Copy out all of the data word for word. Omit every picture.

• _Source data_:
⟨
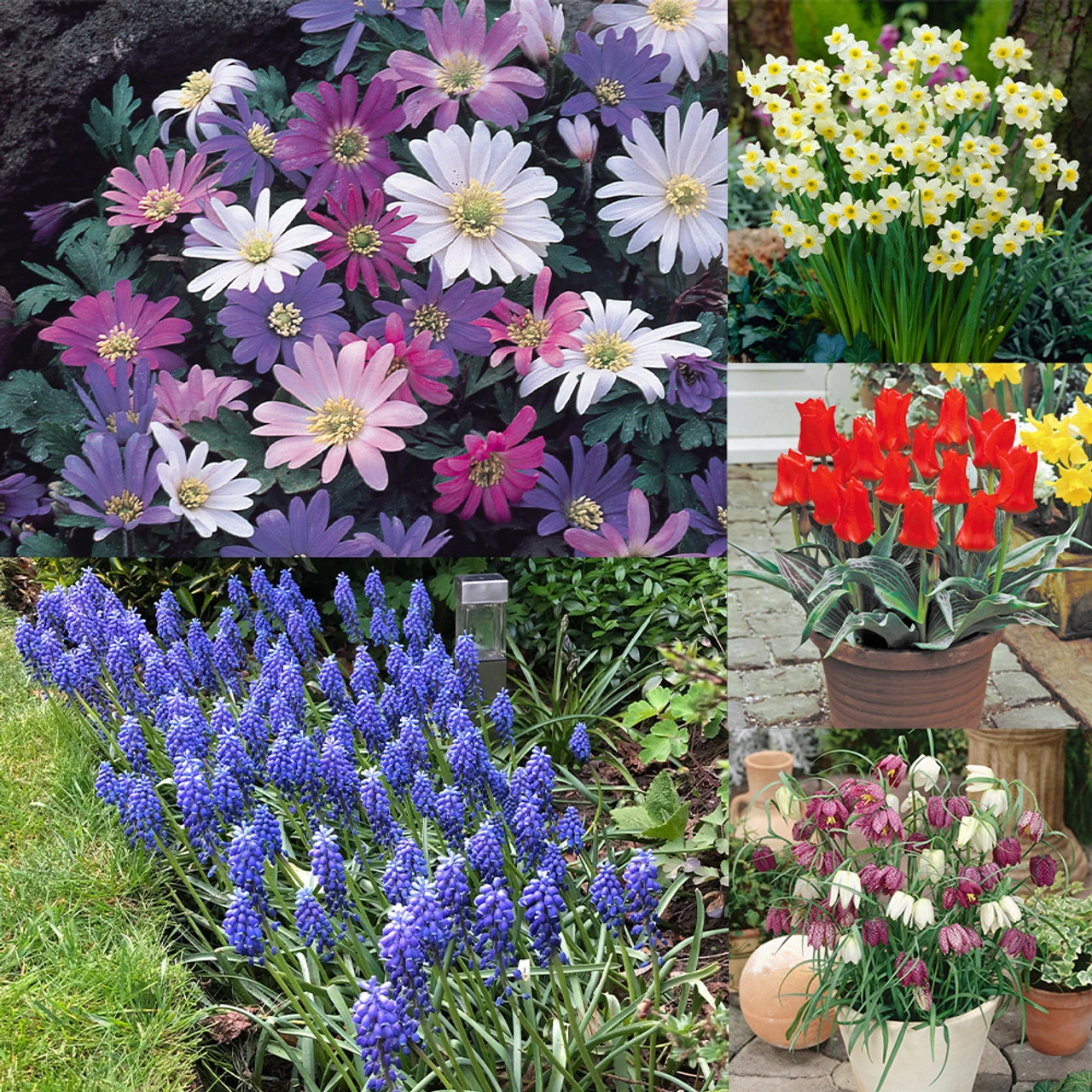 Spring Flowering Bulb Collection for a Rockery is, as you can imagine by this collection’s name, is a must for any rockery display. This variety of spring blooms will add colour and excitement to the rockery that you’ve never seen before! Collection includes 10 each of Tulip Red Riding Hood, 15 each of Narcissus Minnow, 25 each of Fritillary Meleagris, and 50 each of Anemone Blanda mixed and Muscari Armeniacum.
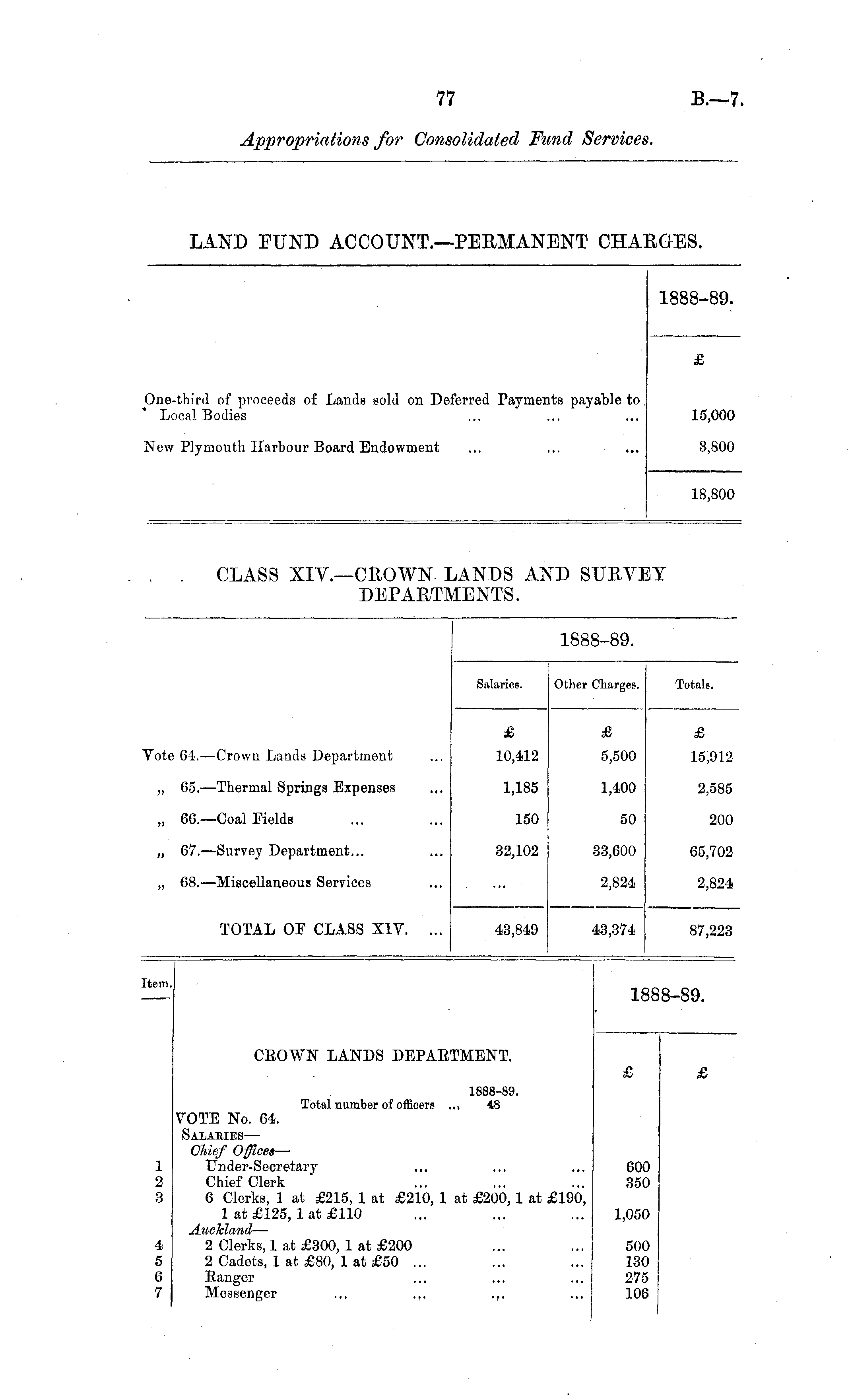 1888-89. Salaries. Other Charges. Totals. £ £ £ Vote 64.—Crown Lands Department 10,412 5,500 15,912 „ 65. —Thermal Springs Expenses 1,185 1,400 2,585 „ 66.—Coal Fields 150 50 200 „ 67.—Survey Department... 32,102 33,600 65,702 „ 68.—Miscellaneous Services 2,824 2,824 TOTAL OF CLASS XIV. 43,849 *3,374 87,223 Item. 8-89. CEOWN LANDS DEPAETMENT. 1888-89. Total number of officers ,., 48 1 2 3 70TE No. 64. Salakies — Chief Offices— Under-Secretary Chief Clerk 6 Clerks, 1 at £215, 1 at £210, 1 at £200,1 at £190, 1 at £125, 1 at £110 Auckland — 2 Clerks, 1 at £300, 1 at £200 2 Cadets, 1 at £80, 1 at £50 ... Eanger Messenger 600 350 1,050 4 5 6 7 500 130 275 106
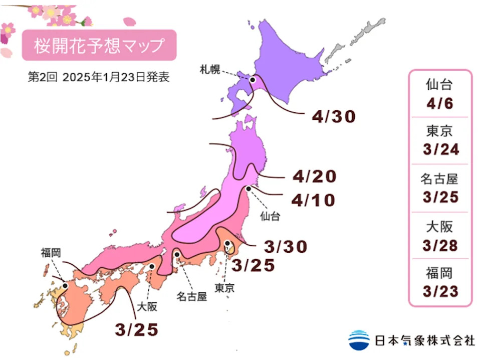 日本Weathernews櫻花預測2025 - 第一回 (2025年1月9日更新) 根據日本氣象新聞公司Weathernews最新發佈的2025年首份櫻花開花日預想顯示,作為開花指標的染井吉野櫻將於3月21日東京開始,22日開到橫濱及高知,3月底開至西日本至東日本如3月24日名古屋、3月26日大阪,4月初到東北,4月底登陸北海道,直至5月初開滿整個北海道!留意以上開花日起計5日至2星期將進入滿開狀態,滿開後數天便進入夢幻的「櫻吹雪」,畫面各有特色!
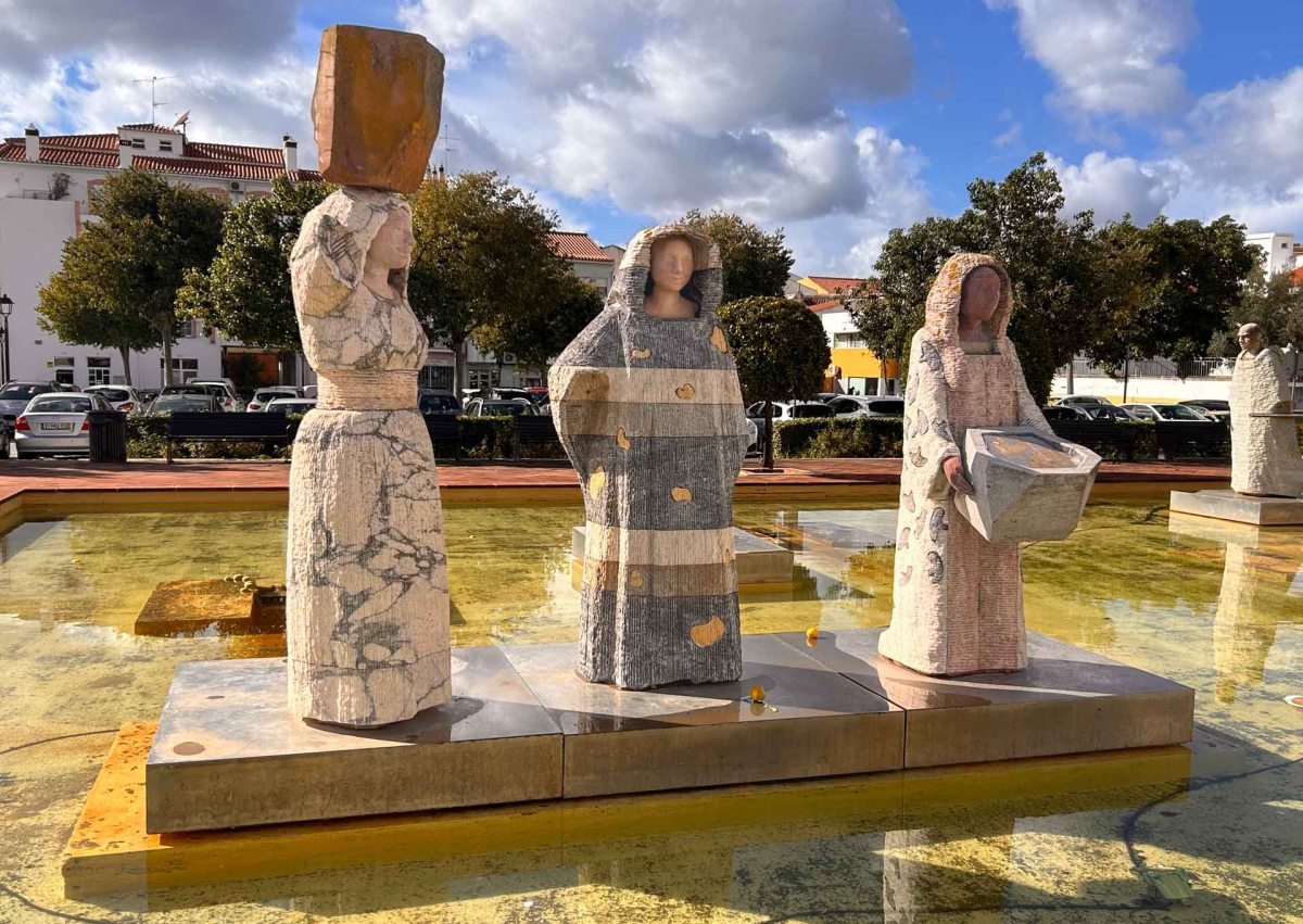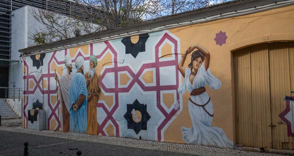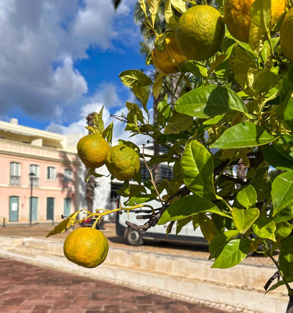 Marknaden var inte speciellt stor den här gången och det blev inga inköp för vår del innan vi tog en annan väg fram mot Gamla Stan.Vi kom till Praça Al-Mutamid där det finns en vacker vattensamling med statyer. Torget är uppkallat efter en berömd morisk poet och författare. Han levde1040-1095 och blev guvernör i Silves när han var 13 år. Han ärvde även Sevilla som kalif efter sin fars död. Runt vattnet växer citrusträd vars frukter snart mognar…, så fint!
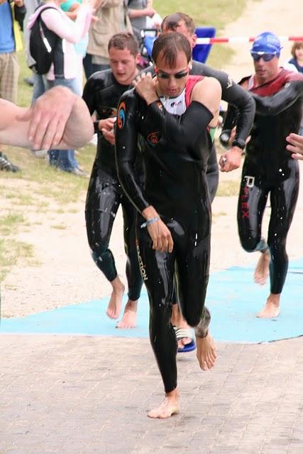 Und so entstiegen die Athleten mit mehr oder auch weniger Berührungen zum Nebenmann/Nebenfrau das Wasser und auf ging es zum ca. 20 m höher gelegenen Wechselgarten.
⟩
• _Solution to this exercise_:
 Spring Flowering Bulb Collection for a Rockery is, as you can imagine by this collection’s name, is a must for any rockery display. This variety of spring blooms will add colour and excitement to the rockery that you’ve never seen before! Collection includes 10 each of Tulip Red Riding Hood, 15 each of Narcissus Minnow, 25 each of Fritillary Meleagris, and 50 each of Anemone Blanda mixed and Muscari Armeniacum.
 1888-89. Salaries. Other Charges. Totals. £ £ £ Vote 64.—Crown Lands Department 10,412 5,500 15,912 „ 65. —Thermal Springs Expenses 1,185 1,400 2,585 „ 66.—Coal Fields 150 50 200 „ 67.—Survey Department... 32,102 33,600 65,702 „ 68.—Miscellaneous Services 2,824 2,824 TOTAL OF CLASS XIV. 43,849 *3,374 87,223 Item. 8-89. CEOWN LANDS DEPAETMENT. 1888-89. Total number of officers ,., 48 1 2 3 70TE No. 64. Salakies — Chief Offices— Under-Secretary Chief Clerk 6 Clerks, 1 at £215, 1 at £210, 1 at £200,1 at £190, 1 at £125, 1 at £110 Auckland — 2 Clerks, 1 at £300, 1 at £200 2 Cadets, 1 at £80, 1 at £50 ... Eanger Messenger 600 350 1,050 4 5 6 7 500 130 275 106
 日本Weathernews櫻花預測2025 - 第一回 (2025年1月9日更新) 根據日本氣象新聞公司Weathernews最新發佈的2025年首份櫻花開花日預想顯示,作為開花指標的染井吉野櫻將於3月21日東京開始,22日開到橫濱及高知,3月底開至西日本至東日本如3月24日名古屋、3月26日大阪,4月初到東北,4月底登陸北海道,直至5月初開滿整個北海道!留意以上開花日起計5日至2星期將進入滿開狀態,滿開後數天便進入夢幻的「櫻吹雪」,畫面各有特色!
 Marknaden var inte speciellt stor den här gången och det blev inga inköp för vår del innan vi tog en annan väg fram mot Gamla Stan.Vi kom till Praça Al-Mutamid där det finns en vacker vattensamling med statyer. Torget är uppkallat efter en berömd morisk poet och författare. Han levde1040-1095 och blev guvernör i Silves när han var 13 år. Han ärvde även Sevilla som kalif efter sin fars död. Runt vattnet växer citrusträd vars frukter snart mognar…, så fint!
 Und so entstiegen die Athleten mit mehr oder auch weniger Berührungen zum Nebenmann/Nebenfrau das Wasser und auf ging es zum ca. 20 m höher gelegenen Wechselgarten.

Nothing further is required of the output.